What to produce:
Leaving out the pictures, copy each record below exactly.

Data excerpts
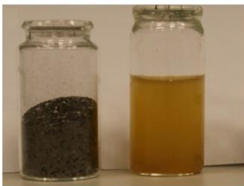
Płatki grafitowe (po lewej) oraz zawiesina tlenku grafenu (po prawej).
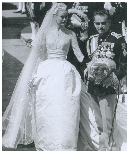
Obrázok 14. – Monacký pár, 1956.

Použitie čipky na priliehavom živôťiku, a na úzkych rukávoch sa odkazuje na dobu edwardovského štýlu, ktorý zaviedla spomínaná Consuelo Vanderbiltová. Svadobné oslavy monackého páru trvali celý týždeň. Stovky objektívov zachytili ušľachtilú krásu jednej z najpopulárnejších neviest 20. storočia (Baldrigeová, 2000. s. 10).
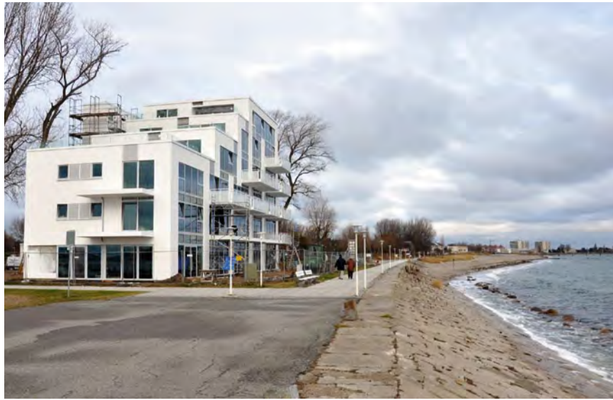
Letzte Außenarbeiten im November 2012

Großenbrode – Als einzigartiges Prachtstück wurde das Haus „Zur Mole“ angekündigt – und es hat gehalten, was wir versprochen haben! Auf dieses Apartmenthaus haben wir eine sehr positive Resonanz erhalten, von der wir selbst schon etwas überrascht waren. An der Großenbroder Mole in bester Lage zwischen Ostsee und Yachthafen gelegen, sucht es an der Küste seinesgleichen. 15 der insgesamt 16 Wohnungen sind bereits verkauft, in den oberen drei Etagen sogar noch vor Baubeginn. Informationen zur letzten noch zu verkaufenden Wohnung finden Sie im Immobilienteil auf dieser Seite. Die exklusiven Ferienwohnungen haben eine Größe von 45 bis 130 m 2 und verfügen alle über einen einmaligen, unverbaubaren Blick auf die Ostsee, von dem man nur träumen kann. Zwei Wohnungen und das Penthaus haben große Dachterrassen in Süd-West-Ausrichtung.
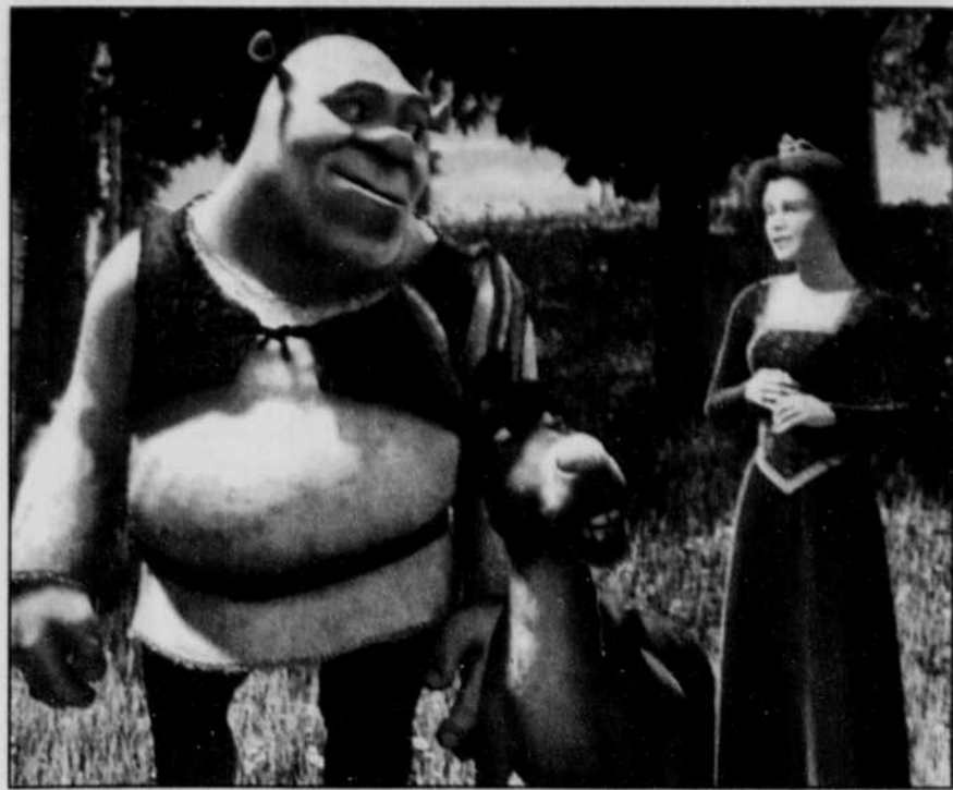
Pendant leur voyage pour délivrer et emmener Fiona au château de Lord Farquaad, l'âne et Shrek découvrent une princesse pas comme les autres.

Une bonne portion des gags sont destinés aux adultes, exclusivement.
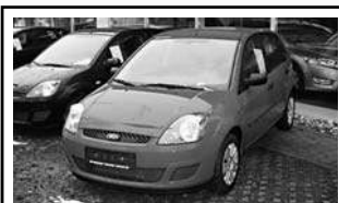
Ford Fiesta „Fun X“ 5trg. 1,3 Ltr., 44 kW (60 PS), Tageszulassung, EZ 11/07, 10 km, coloradorot 11.400,-
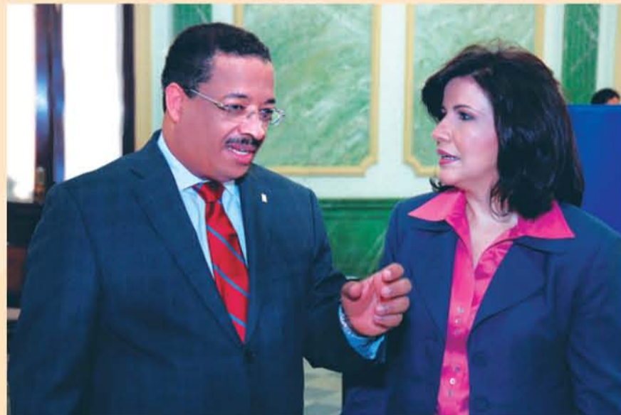
Acuerdo fructífero. - La Vicepresidenta de la República, doctora Margarita Cedeño de Fernández, en su calidad de Coordinadora del Gabinete de Políticas Sociales, concluyó la implementación del acuerdo suscrito por la Junta Central Electoral, mediante el cual se gestionó con el Banco Mundial los recursos necesarios para la construcción de 4 modernos edificios para alojar la Junta Electoral, la Oficialía del Registro Civil y un Centro de Cedulación en igual cantidad de municipios del país, como forma de reforzar los trabajos que realiza la institución para eliminar el subregistro y consolidar los procesos de participación política de las comunidades beneficiadas.

Este es el CUARTO edificio que el Banco Mundial y el Gabinete de Políticas Sociales de la Presidencia de la República, entregan a la Junta Central Electoral para apoyar los trabajos del Registro Civil y de los procesos de participación de la población que administra nuestra institución. Fruto de este acuerdo de colaboración, la JCE había recibido las nuevas edificaciones, con sus equipos y mobiliarios, en los municipios de Villa González, Provincia de Santiago, Jima Abajo, La Vega y Sabana de la Mar, Provincia de Hato Mayor.
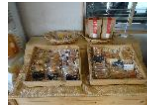
アップルパイ・焼き菓子

平成21年に青森県の助成事業を活用したことをきっかけに、本格的に体験型観光農業事業を展開することとし、農園でとれる果物及び地元農産物を活用したスイーツ、ジェラート、フルーツソース等の加工商品を開発し、自社の直売所や農園カフェにおいて通年販売を行うとともに、農園の食材を活用した料理メニューを開発し、農園レストランで提供する。
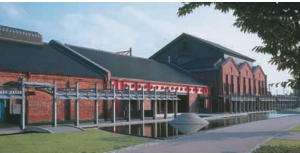
金沢市民芸術村 Kanazawa Citizen's Art Center

Exercise answer:
Płatki grafitowe (po lewej) oraz zawiesina tlenku grafenu (po prawej).
Obrázok 14. – Monacký pár, 1956.

Použitie čipky na priliehavom živôťiku, a na úzkych rukávoch sa odkazuje na dobu edwardovského štýlu, ktorý zaviedla spomínaná Consuelo Vanderbiltová. Svadobné oslavy monackého páru trvali celý týždeň. Stovky objektívov zachytili ušľachtilú krásu jednej z najpopulárnejších neviest 20. storočia (Baldrigeová, 2000. s. 10).
Letzte Außenarbeiten im November 2012

Großenbrode – Als einzigartiges Prachtstück wurde das Haus „Zur Mole“ angekündigt – und es hat gehalten, was wir versprochen haben! Auf dieses Apartmenthaus haben wir eine sehr positive Resonanz erhalten, von der wir selbst schon etwas überrascht waren. An der Großenbroder Mole in bester Lage zwischen Ostsee und Yachthafen gelegen, sucht es an der Küste seinesgleichen. 15 der insgesamt 16 Wohnungen sind bereits verkauft, in den oberen drei Etagen sogar noch vor Baubeginn. Informationen zur letzten noch zu verkaufenden Wohnung finden Sie im Immobilienteil auf dieser Seite. Die exklusiven Ferienwohnungen haben eine Größe von 45 bis 130 m 2 und verfügen alle über einen einmaligen, unverbaubaren Blick auf die Ostsee, von dem man nur träumen kann. Zwei Wohnungen und das Penthaus haben große Dachterrassen in Süd-West-Ausrichtung.
Pendant leur voyage pour délivrer et emmener Fiona au château de Lord Farquaad, l'âne et Shrek découvrent une princesse pas comme les autres.

Une bonne portion des gags sont destinés aux adultes, exclusivement.
Ford Fiesta „Fun X“ 5trg. 1,3 Ltr., 44 kW (60 PS), Tageszulassung, EZ 11/07, 10 km, coloradorot 11.400,-
Acuerdo fructífero. - La Vicepresidenta de la República, doctora Margarita Cedeño de Fernández, en su calidad de Coordinadora del Gabinete de Políticas Sociales, concluyó la implementación del acuerdo suscrito por la Junta Central Electoral, mediante el cual se gestionó con el Banco Mundial los recursos necesarios para la construcción de 4 modernos edificios para alojar la Junta Electoral, la Oficialía del Registro Civil y un Centro de Cedulación en igual cantidad de municipios del país, como forma de reforzar los trabajos que realiza la institución para eliminar el subregistro y consolidar los procesos de participación política de las comunidades beneficiadas.

Este es el CUARTO edificio que el Banco Mundial y el Gabinete de Políticas Sociales de la Presidencia de la República, entregan a la Junta Central Electoral para apoyar los trabajos del Registro Civil y de los procesos de participación de la población que administra nuestra institución. Fruto de este acuerdo de colaboración, la JCE había recibido las nuevas edificaciones, con sus equipos y mobiliarios, en los municipios de Villa González, Provincia de Santiago, Jima Abajo, La Vega y Sabana de la Mar, Provincia de Hato Mayor.
アップルパイ・焼き菓子

平成21年に青森県の助成事業を活用したことをきっかけに、本格的に体験型観光農業事業を展開することとし、農園でとれる果物及び地元農産物を活用したスイーツ、ジェラート、フルーツソース等の加工商品を開発し、自社の直売所や農園カフェにおいて通年販売を行うとともに、農園の食材を活用した料理メニューを開発し、農園レストランで提供する。
金沢市民芸術村 Kanazawa Citizen's Art Center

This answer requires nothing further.